◆ Problem to solve ◆
For every record that follows, transcribe the text exactly and leave any image out.

◆ Input ◆

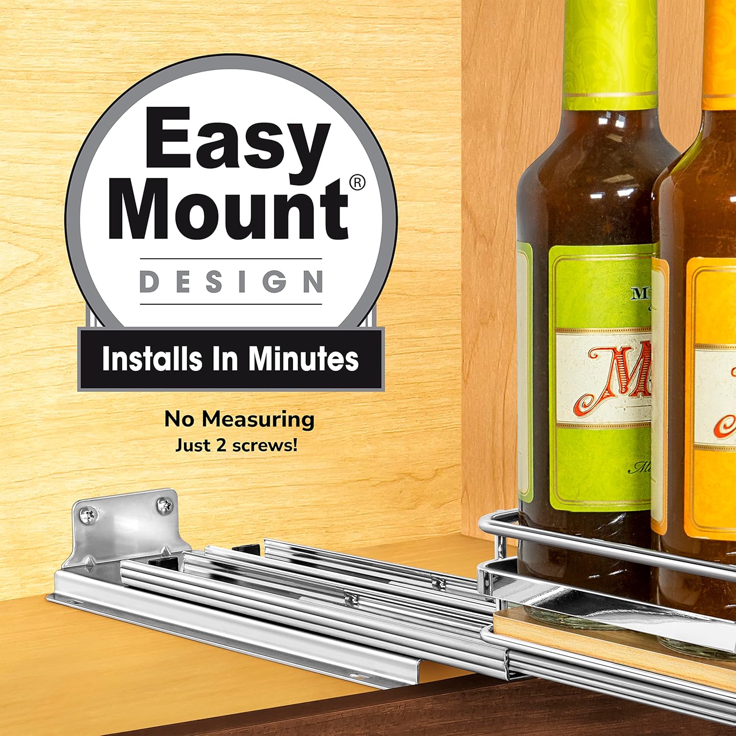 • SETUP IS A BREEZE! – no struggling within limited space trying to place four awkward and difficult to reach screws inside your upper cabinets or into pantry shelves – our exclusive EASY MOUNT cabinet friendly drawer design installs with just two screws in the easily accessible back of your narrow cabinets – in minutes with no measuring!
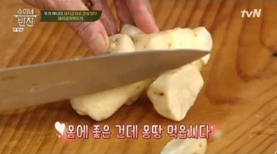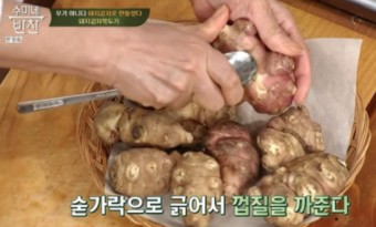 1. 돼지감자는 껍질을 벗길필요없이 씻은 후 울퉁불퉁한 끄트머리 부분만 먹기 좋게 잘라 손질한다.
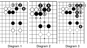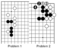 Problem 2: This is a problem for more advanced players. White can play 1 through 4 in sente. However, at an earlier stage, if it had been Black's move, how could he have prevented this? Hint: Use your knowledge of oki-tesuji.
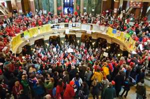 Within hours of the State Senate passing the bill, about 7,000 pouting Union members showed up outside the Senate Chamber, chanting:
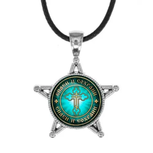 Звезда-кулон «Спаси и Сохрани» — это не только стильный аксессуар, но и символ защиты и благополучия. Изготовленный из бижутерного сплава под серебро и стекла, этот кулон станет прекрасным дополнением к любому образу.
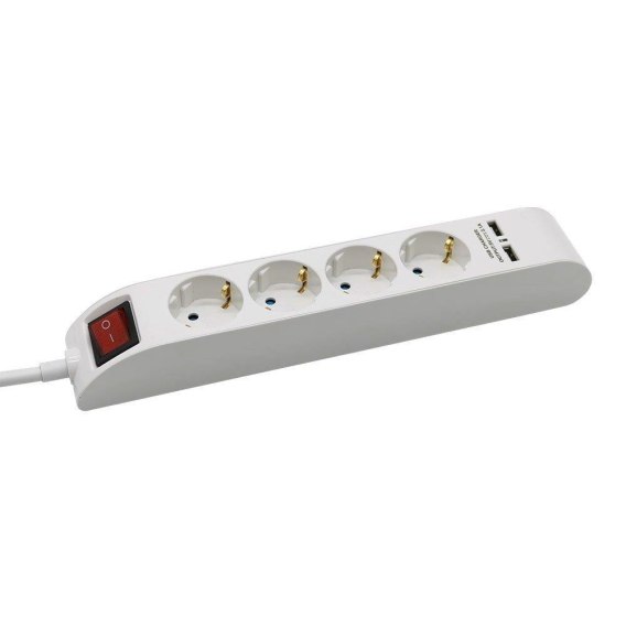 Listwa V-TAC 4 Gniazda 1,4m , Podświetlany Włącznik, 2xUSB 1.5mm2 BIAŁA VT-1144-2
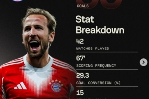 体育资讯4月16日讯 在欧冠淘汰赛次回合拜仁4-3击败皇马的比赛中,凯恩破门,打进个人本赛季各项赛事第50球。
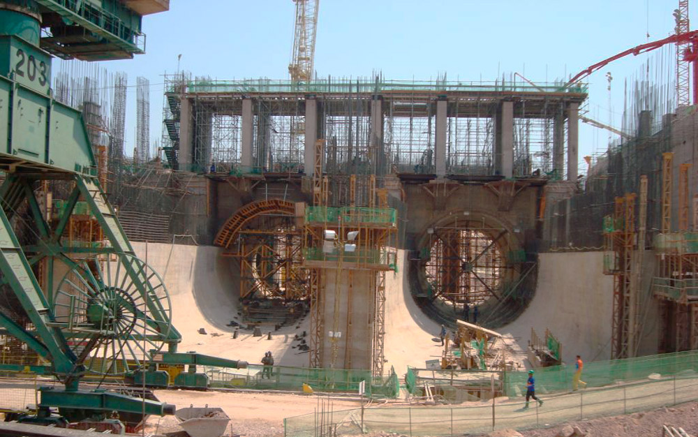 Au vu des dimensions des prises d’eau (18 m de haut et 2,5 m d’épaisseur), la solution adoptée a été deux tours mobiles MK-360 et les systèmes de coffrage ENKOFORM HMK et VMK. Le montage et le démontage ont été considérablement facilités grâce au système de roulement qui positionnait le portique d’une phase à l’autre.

◆ Result of this task ◆
 • SETUP IS A BREEZE! – no struggling within limited space trying to place four awkward and difficult to reach screws inside your upper cabinets or into pantry shelves – our exclusive EASY MOUNT cabinet friendly drawer design installs with just two screws in the easily accessible back of your narrow cabinets – in minutes with no measuring!
 1. 돼지감자는 껍질을 벗길필요없이 씻은 후 울퉁불퉁한 끄트머리 부분만 먹기 좋게 잘라 손질한다.
 Problem 2: This is a problem for more advanced players. White can play 1 through 4 in sente. However, at an earlier stage, if it had been Black's move, how could he have prevented this? Hint: Use your knowledge of oki-tesuji.
 Within hours of the State Senate passing the bill, about 7,000 pouting Union members showed up outside the Senate Chamber, chanting:
 Звезда-кулон «Спаси и Сохрани» — это не только стильный аксессуар, но и символ защиты и благополучия. Изготовленный из бижутерного сплава под серебро и стекла, этот кулон станет прекрасным дополнением к любому образу.
 Listwa V-TAC 4 Gniazda 1,4m , Podświetlany Włącznik, 2xUSB 1.5mm2 BIAŁA VT-1144-2
 体育资讯4月16日讯 在欧冠淘汰赛次回合拜仁4-3击败皇马的比赛中,凯恩破门,打进个人本赛季各项赛事第50球。
 Au vu des dimensions des prises d’eau (18 m de haut et 2,5 m d’épaisseur), la solution adoptée a été deux tours mobiles MK-360 et les systèmes de coffrage ENKOFORM HMK et VMK. Le montage et le démontage ont été considérablement facilités grâce au système de roulement qui positionnait le portique d’une phase à l’autre.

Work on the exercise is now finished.